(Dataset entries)
.....

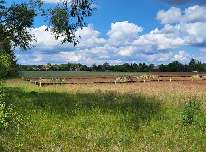 alle Grundstücke sind mit den notwendigen Medien erschlossen. Die Grundstücke liegen alle am Feldrand mit freiem Blick in Richtung Süd, Süd-west, damit sonnige Lage. Die Grundstücke sind eben, ohne Bebauung und ohne Bäume. Bei den Grundstücken drei bis sechs liegt ein ausgebauter kleiner Parkplatz vor den Grundstücken damit auch gute Parkmöglichkeiten. Die Grundstücke haben in die Grundstückmitte verlegte Baufenster, so dass wir einen guten Abstand zur befestigten Straße haben. Bebauungen im Rahmen des B-Plan mit Bungalow oder klassischem Einfamilienhaus. Die GRZ beträgt 0,4. Alle Grundstücke haben befestigte Zufahrten. Auf den Grundstücken zwei bis zehn ist im Übergang zur Grundstücksgrenze ein fünf Meter breiter Grüngürtel angelegt worden. Davor befindet sich ein Biotop für umgesiedelte Zauneidechsen! Dieses können Sie in Ihre Gartenplanung einbeziehen und mitgestalten. Weiteres in einem persönlichen Gespräch.
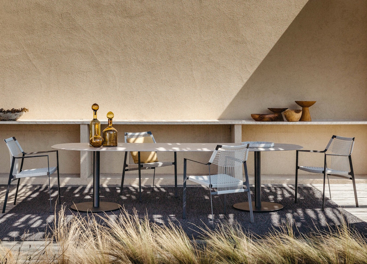 The Tribu Nodi garden armchair is light and comfortable with a seat & backrest hand woven in stain repellent, frost, UV & fungi resistant Canax rope which is stretched across a powder-coated stainless steel frame. The slim profile of the arm is angled slightly inward in a welcoming gesture.
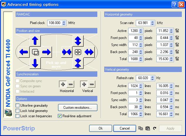 바로 아래쪽의 Advanced timing options 버튼을 누르면 리플레쉬 레이트나 기타 모니터 출력 주파수를 세부적인 단위로 조절할 수 있다.
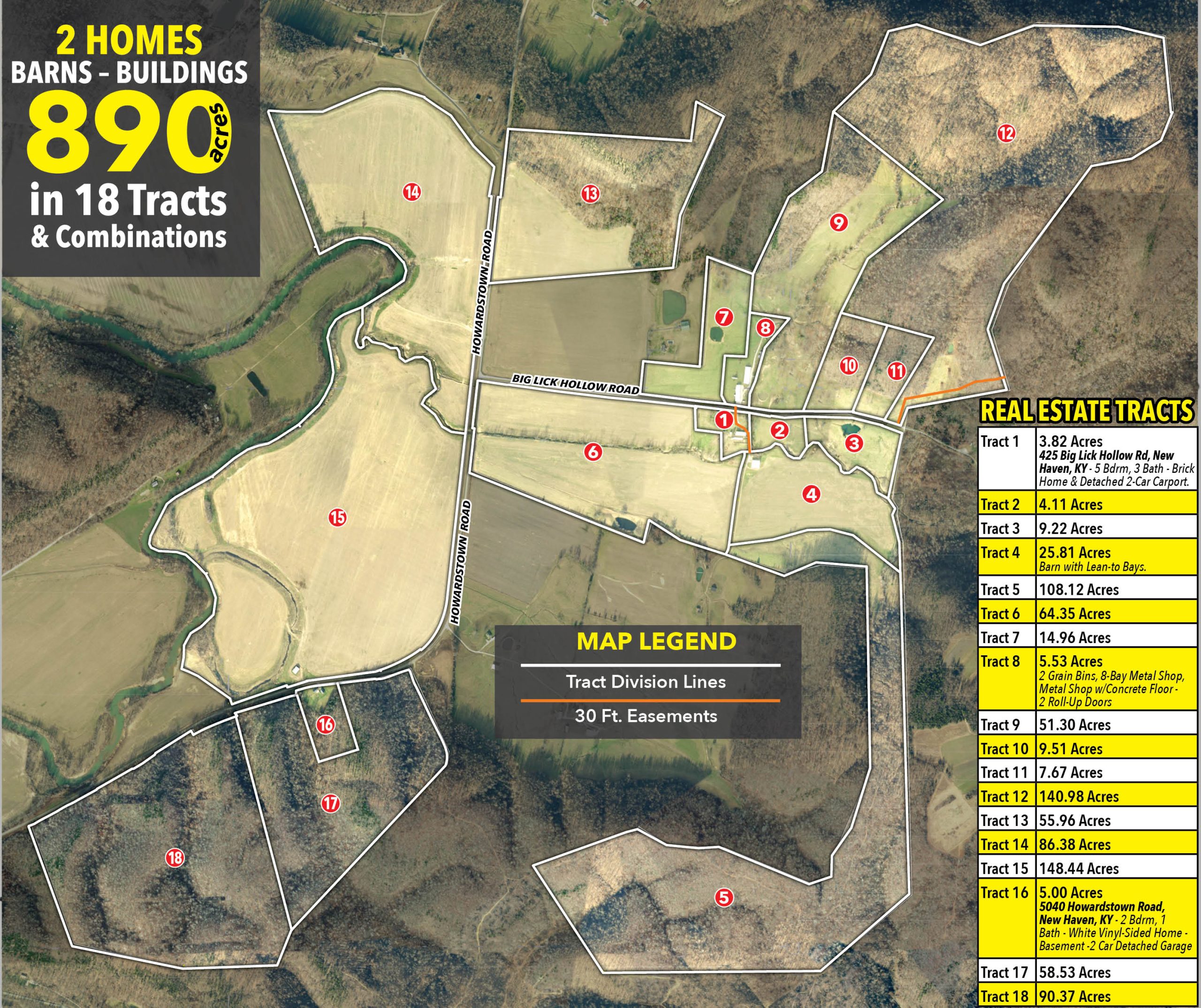 890 Acres Offered in 18 Tracts & Combinations
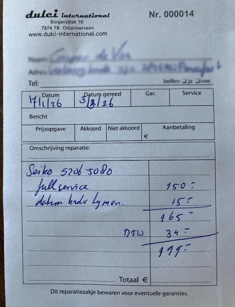 Net volledig geserviced bij Dulci (zie foto factuur).
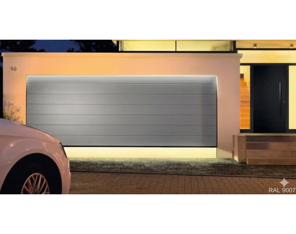 Porte de garage sectionnelle motorisé Renomatic H.2000 x l.3000mm Coloris Aluminium Gris 9007 Woodgrain
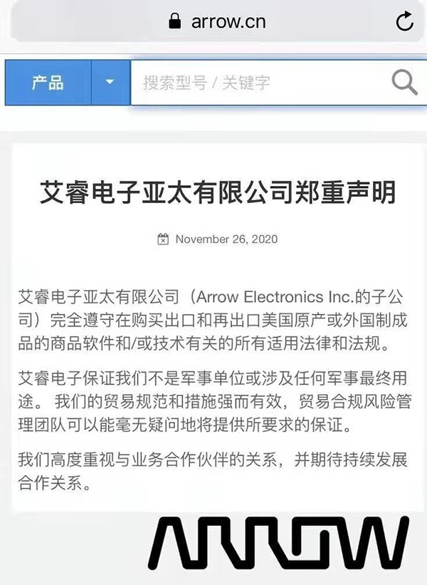 艾睿電子回應(yīng)將被美國制裁傳聞:保證我們不是軍事單位或涉及任何軍事最終用途
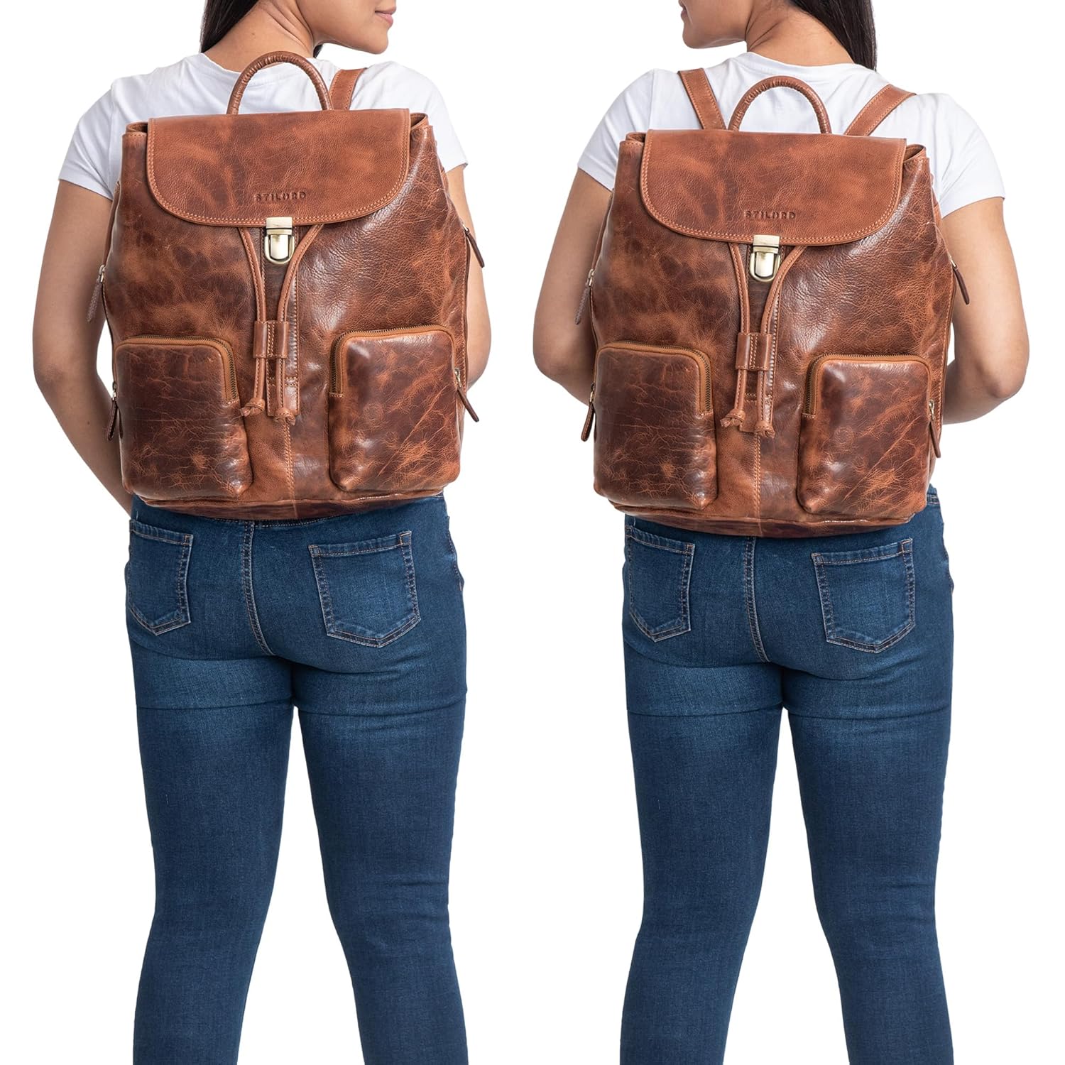 - ‘Sidney’ vintage business backpack genuine leather ladies from German start-up STILORD. ‘Sidney’ is our all-rounder. Especially in lively big cities this daypack backpack feels at home and is therefore always in the middle of the action!

.....

[Problem requirements] In your reply, please set down exactly the lines from the one containing "艾睿電子回應(yīng)將被" through the end of the records, with the pictures left out.

[Answer to this problem]
 艾睿電子回應(yīng)將被美國制裁傳聞:保證我們不是軍事單位或涉及任何軍事最終用途
 - ‘Sidney’ vintage business backpack genuine leather ladies from German start-up STILORD. ‘Sidney’ is our all-rounder. Especially in lively big cities this daypack backpack feels at home and is therefore always in the middle of the action!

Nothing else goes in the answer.